Saved in the lost and found

Jan 13, 2010 at 6:00 am

As I endeavored to do anything but write a column the other day, I was completely overcome by the need to hear a demo tape I recorded about eight years ago.

Resistance is useless when I get into these moods, so I started dragging boxes out of the closet. What I got for my efforts was an existentially perilous trip down memory lane that took two days and an allergy attack of the same duration. The former, I now realize, is what I was actually looking for.

I’m a faithful devotee of a unique filing system, which is sometimes confused with untidiness or actual chaos of the type only speculated about in “NOVA” documentaries.

It’s neither, and I choose it.

While it does lead directly to things like unpaid speeding tickets, polite queries from the IRS, and elusive old demo tapes, it also unfailingly succeeds in the task for which it was actually designed — namely to lose things so that they might later be found.

It’s a nuanced arrangement whose success is three-fold.

Primarily, it just feels good to find something that should, by any reasonable expectation, be lost forever. It’s a singular, fitful pleasure. It’s a small joy, and it can be cultivated.

But when something is actually lost for good, one must face the simple, blunt fact that things carry only as much importance as we place upon them. To lose something is to confront the transient and the inconstant. It’s unpleasant, important and, one hopes, leads us to a greater appreciation of what we have right in front of us.
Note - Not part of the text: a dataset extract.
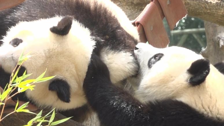 Двете мъжки панди се родиха през 2021 г. и тежаха само 150 г, но сега всяка от тях е около 70 кг. Когато станат на четири години, теглото им ще достигне около 400 кг.
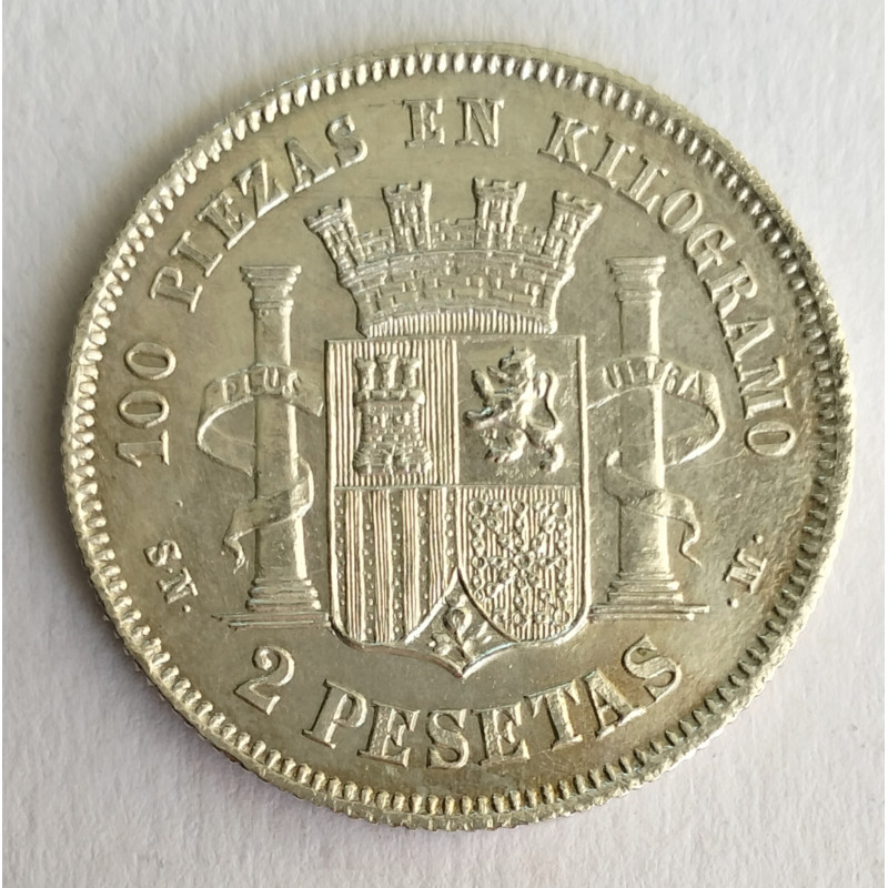 Moneda de 2 pesetas del gobierno Provisional de 1870*69 Trucada

Finally, and most glorious, is the library effect. You just don’t know what’ll find you when you set out looking. Remember roaming through the stacks in school, half looking for the boring-ass tome you were meant to be reading only to happen upon a book you’ve never forgotten and possibly never returned? So too the instant, unexpected joy and wondrous sadness that’s found every time you rifle through the boxes on the top shelf in the hall closet.
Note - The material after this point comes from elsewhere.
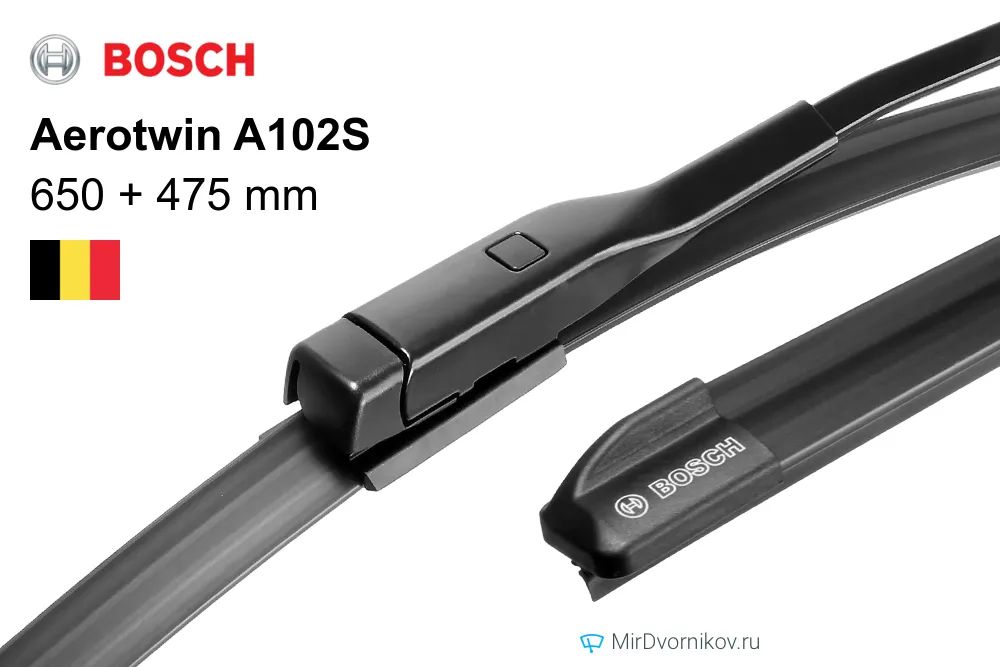Bosch Aerotwin A102S это комплект из 2-х щеток длиной 650мм + 475мм. Стеклоочистители имеют бескаркасную конструкцию.

Ten years ago, I met a young man my age in Yemen named Walid-Abdala Mulaygi. Our conversations lasted about five minutes apiece every day for a week and consisted mostly of pointing at things and repeating the words to each other in Arabic, then in English. It was as endearing and funny as that type of conversation should be, and we became friends. On my last day in his town, he gave me a tape of Arabic pop music with his name scrawled on a white label. I found it in a box the other day. I hope he thinks of me, too, every time he finds the Dire Straits tape I gave him.

I also found a tape that a girl I dated around the same time gave me when she moved away. I sat down to eat a bowl of soup the other night, put in the tape and started reading an article about the CIA’s unmanned aircraft strikes in Afghanistan. It was an absolutely miserable combination. I barely blubbered through half of my dinner listening to Cat Stevens sing “Trouble,” missing my friend who I simply don’t know anymore, and also thinking of Walid in Yemen, knowing that neither of us will be able to make sense of what will probably happen in his country next. God I hope he still has that tape.

Thankfully, the song “I’ve Got a Brand New Pair of Roller Skates” by Melanie Safka eventually came on, providing me with a more-than-suitable reason to get up and press stop. I just couldn’t take much more.

I found a Tom Waits bootleg that I’ve been missing for years in which he strings the most glorious, flawless yarn of his career. It’s one of the funniest things I’ve ever heard in my God-given life, and every time I listen to it, I remember why storytelling is so important, and hysterical, and humane.

I also listened to a pile of my old demo tapes, including the one I went looking for to begin with. Black cassette, no label, bottom of the box. It’s a song I recorded in the garage one summer night when I couldn’t sleep. It sounded like a 23-year-old warning his older self not to be a flake, to be present, and to stay focused. I’m listening, and I hope not to disappoint him.